▶ _Task to carry out_:
Set down each line of the data below exactly as it stands, dropping the pictures.

▶ _Recorded information_:
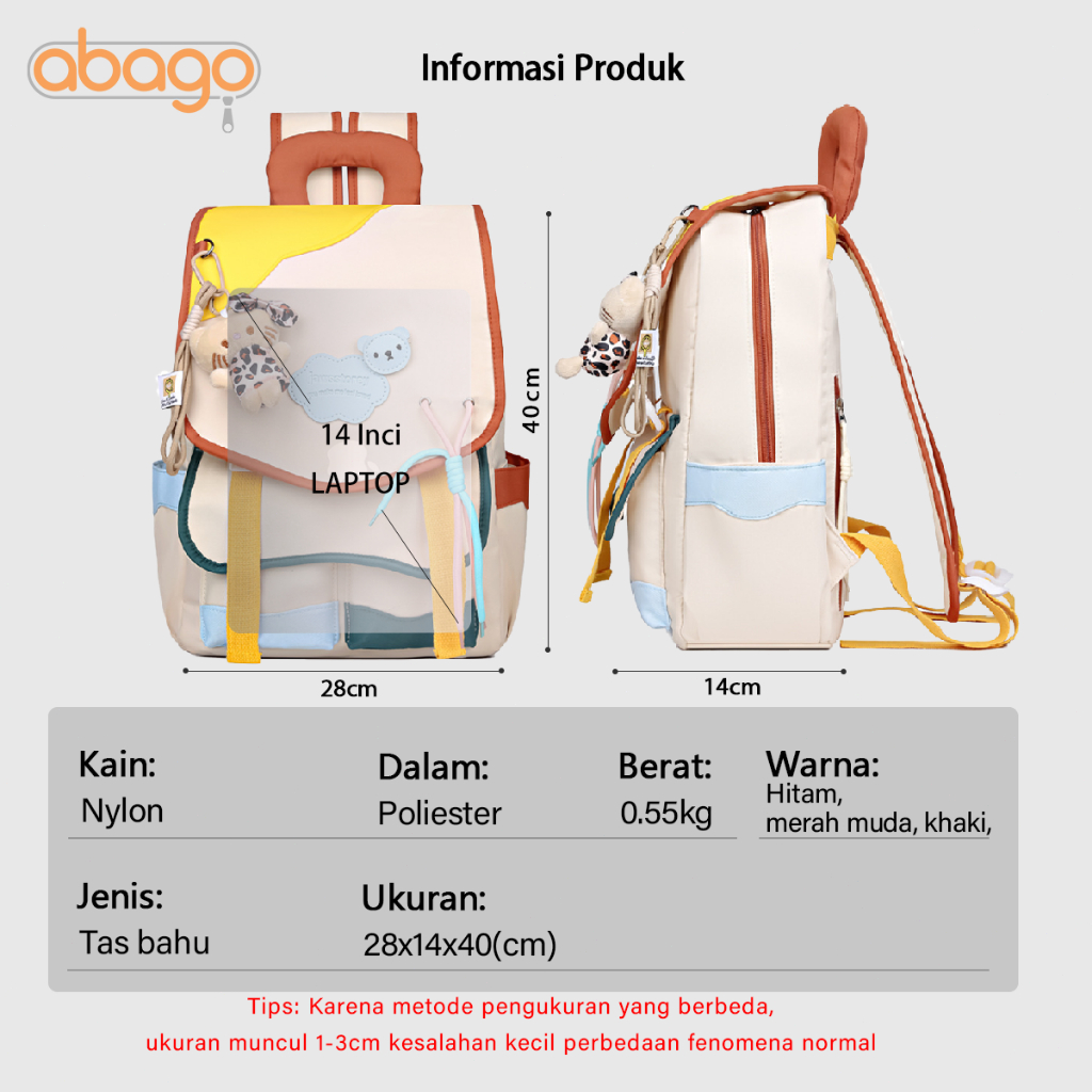 Abago Baru Tas Ransel Wanita Multifunction Sekolah Laptop Korea Style Rileks Siswa Kapasitas Besar
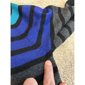Vintage Y2K Black, blue, and gray striped cowl neck midi length sweater dress.
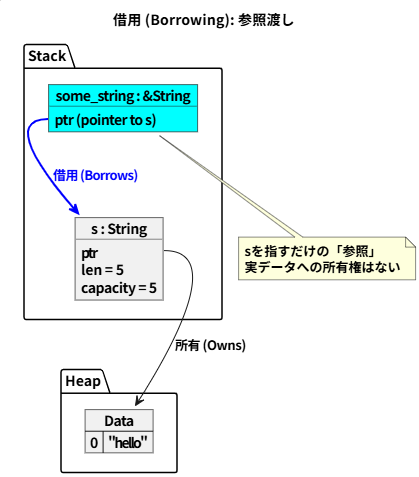 - ムーブ: Stringのようなヒープデータは、代入や関数渡しで所有権が移動し、元の変数は使えなくなる。これにより二重解放を防ぐ。
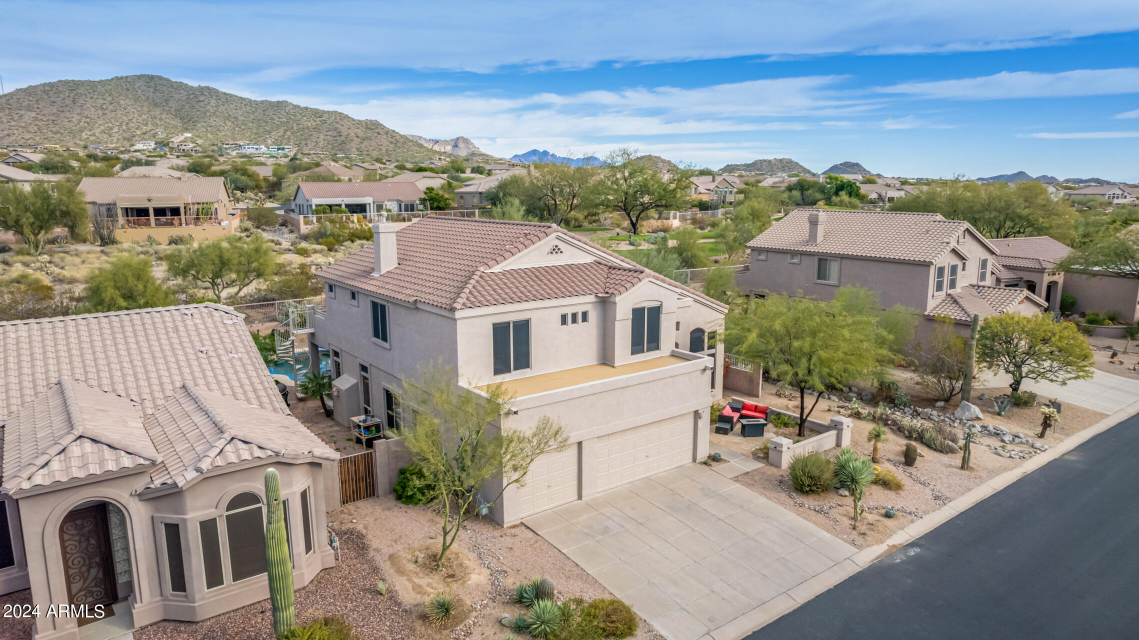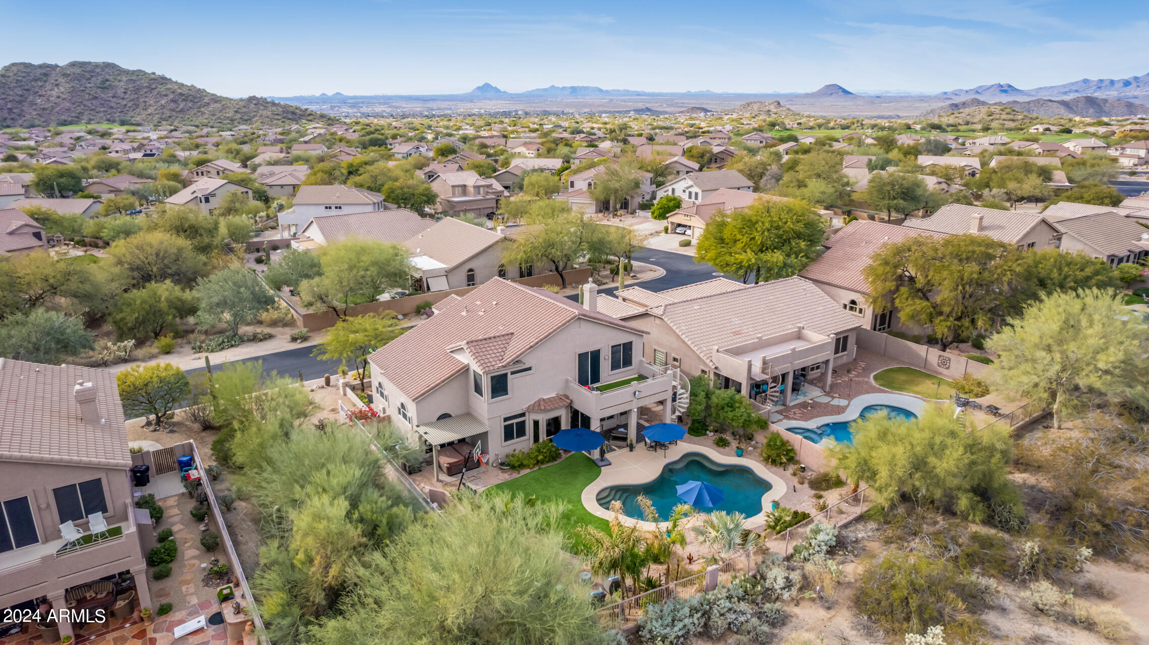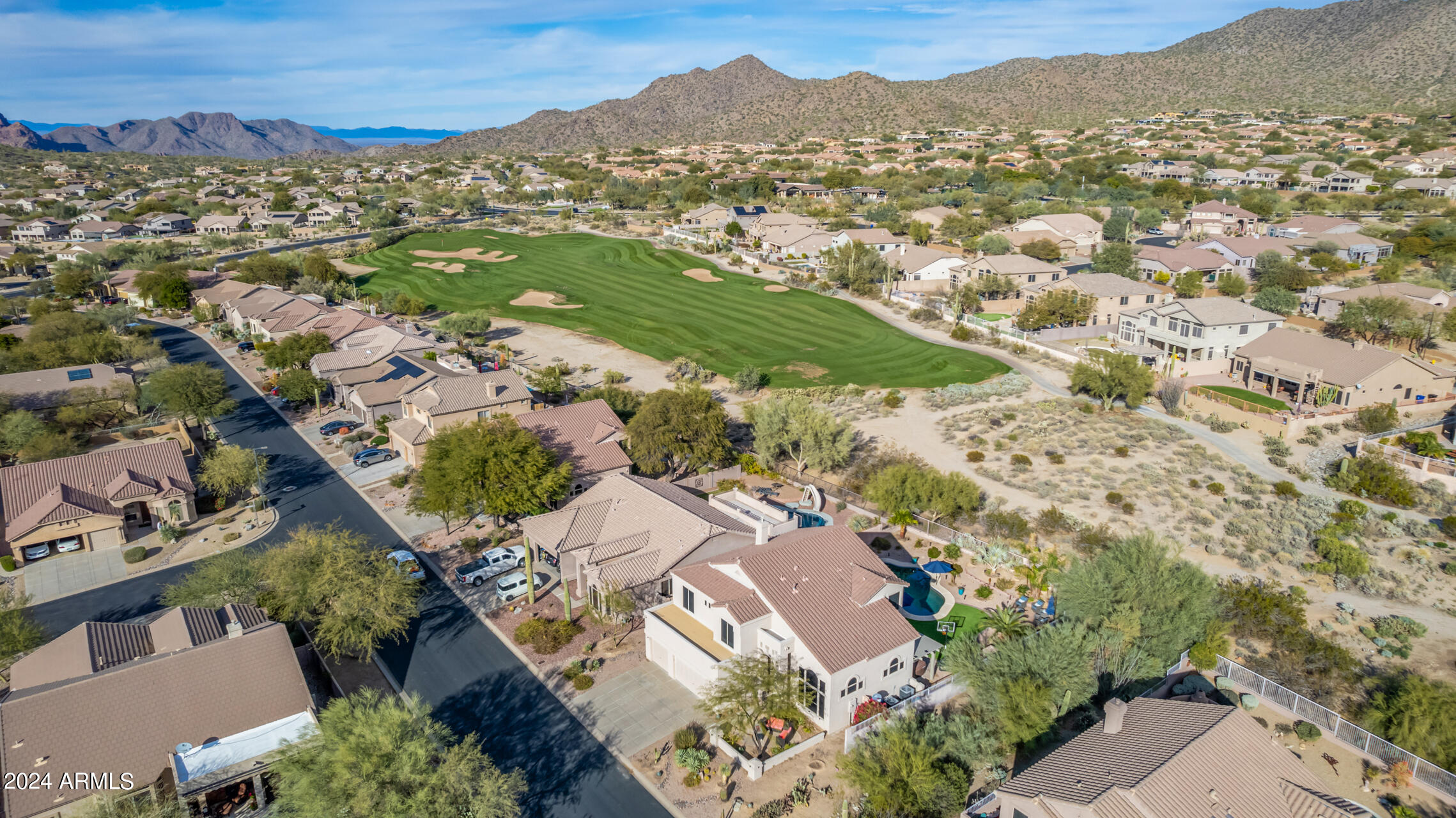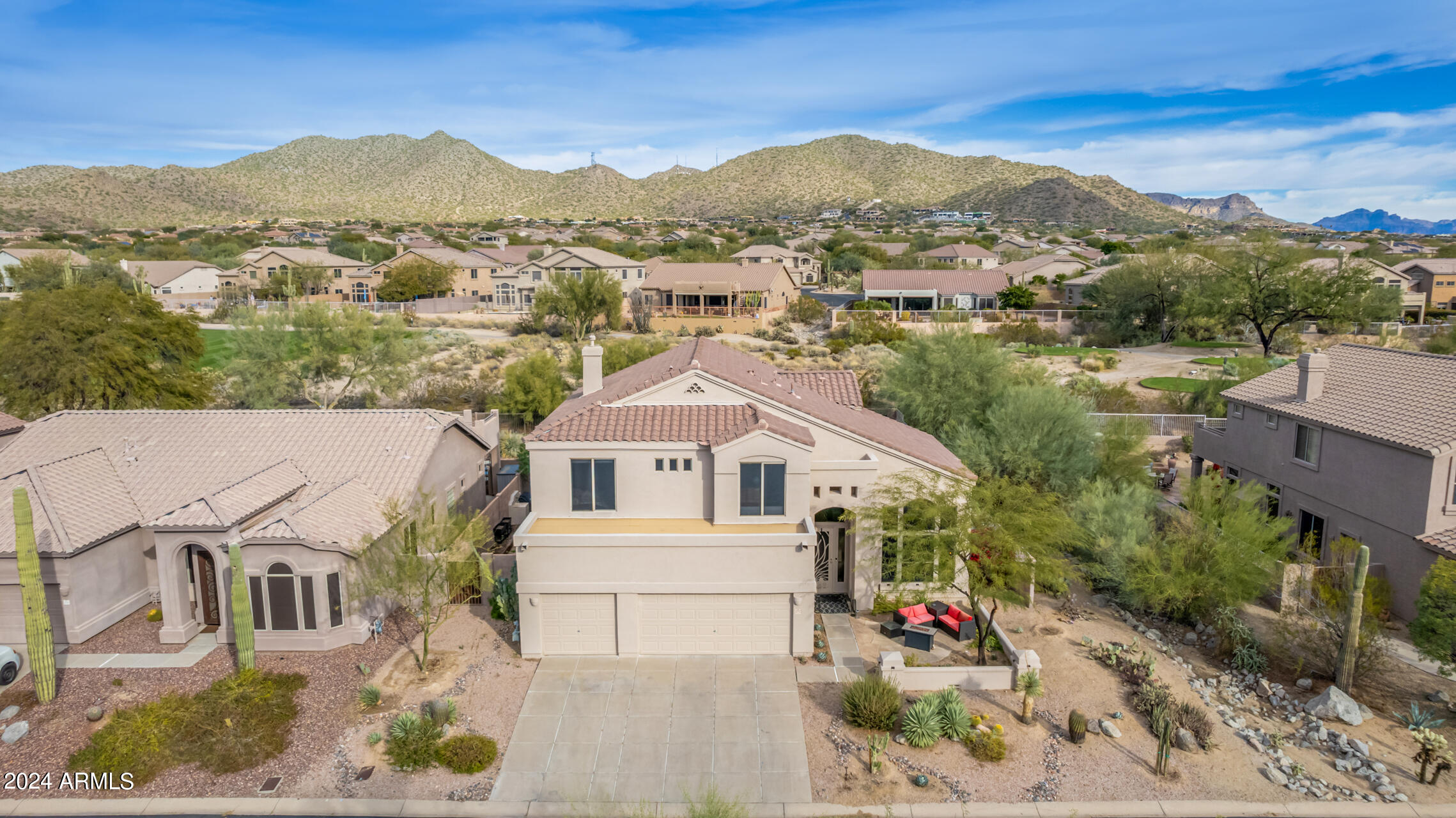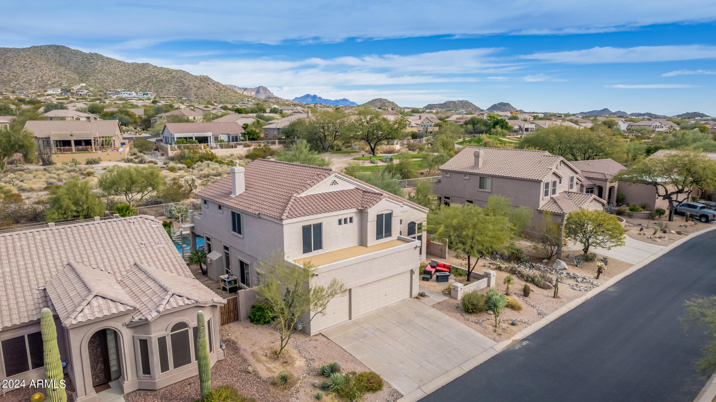 Stunning 4 bed + den, 3 bath, 3 car garage Blandford home in Las Sendas, in a gated community, situated on the 17th tee of the golf course is a dream come true! This move-in ready home has been lovingly upgraded with over $130,000 invested within the last two years, both inside the home and on the property grounds. Upgrades include 2 new HVAC units, new flooring, fresh interior paint, new appliances, new pool equipment, landscaping and so much more--ask your agent for the detailed upgrades list! Prepare to be impressed by an exquisite interior offering gleaming wood-look floor, high ceilings, soothing color palette, charming arched doorways, & dazzling light fixtures. Downstairs you'll find a bedroom AND full bath, and multiple entertainment spaces! (See more...) The impressive kitchen is the heart of the home, with plenty of counter space, granite counters, a center island complete w/ breakfast bar, a convenient built-in desk, multiple pantries, SS appliances, and fantastic views to your resort like backyard. The remarkable main retreat showcases soft carpet throughout, an adjoining office/bonus area (which could be converted to a fifth bedroom with a closet by it's future owner), private outdoor access with a spacious balcony and impressive views, a delightful two-way fireplace, & an immaculate ensuite with dual vanities. Two additional spacious bedrooms, one with a walk-in closet, and a full bath upstairs complete the indoor space. The spectacular backyard includes a sparkling pebble finish swimming pool, all new landscaping in front & back (under warranty) & a lovely deck displaying mountain views, complete the picture of this oasis! Homes and neighborhoods like this one are hard to come by. Minutes away from Saguaro Lake, Salt River and Tonto National Forest. Las Sendas features two community pools, spas, splash pad, multiple parks, tennis, pickleball, and bocce ball courts, walking/biking paths & groups/clubs for everyone!

▶ _Answer space_:
 Abago Baru Tas Ransel Wanita Multifunction Sekolah Laptop Korea Style Rileks Siswa Kapasitas Besar
Vintage Y2K Black, blue, and gray striped cowl neck midi length sweater dress.
 - ムーブ: Stringのようなヒープデータは、代入や関数渡しで所有権が移動し、元の変数は使えなくなる。これにより二重解放を防ぐ。
 Stunning 4 bed + den, 3 bath, 3 car garage Blandford home in Las Sendas, in a gated community, situated on the 17th tee of the golf course is a dream come true! This move-in ready home has been lovingly upgraded with over $130,000 invested within the last two years, both inside the home and on the property grounds. Upgrades include 2 new HVAC units, new flooring, fresh interior paint, new appliances, new pool equipment, landscaping and so much more--ask your agent for the detailed upgrades list! Prepare to be impressed by an exquisite interior offering gleaming wood-look floor, high ceilings, soothing color palette, charming arched doorways, & dazzling light fixtures. Downstairs you'll find a bedroom AND full bath, and multiple entertainment spaces! (See more...) The impressive kitchen is the heart of the home, with plenty of counter space, granite counters, a center island complete w/ breakfast bar, a convenient built-in desk, multiple pantries, SS appliances, and fantastic views to your resort like backyard. The remarkable main retreat showcases soft carpet throughout, an adjoining office/bonus area (which could be converted to a fifth bedroom with a closet by it's future owner), private outdoor access with a spacious balcony and impressive views, a delightful two-way fireplace, & an immaculate ensuite with dual vanities. Two additional spacious bedrooms, one with a walk-in closet, and a full bath upstairs complete the indoor space. The spectacular backyard includes a sparkling pebble finish swimming pool, all new landscaping in front & back (under warranty) & a lovely deck displaying mountain views, complete the picture of this oasis! Homes and neighborhoods like this one are hard to come by. Minutes away from Saguaro Lake, Salt River and Tonto National Forest. Las Sendas features two community pools, spas, splash pad, multiple parks, tennis, pickleball, and bocce ball courts, walking/biking paths & groups/clubs for everyone!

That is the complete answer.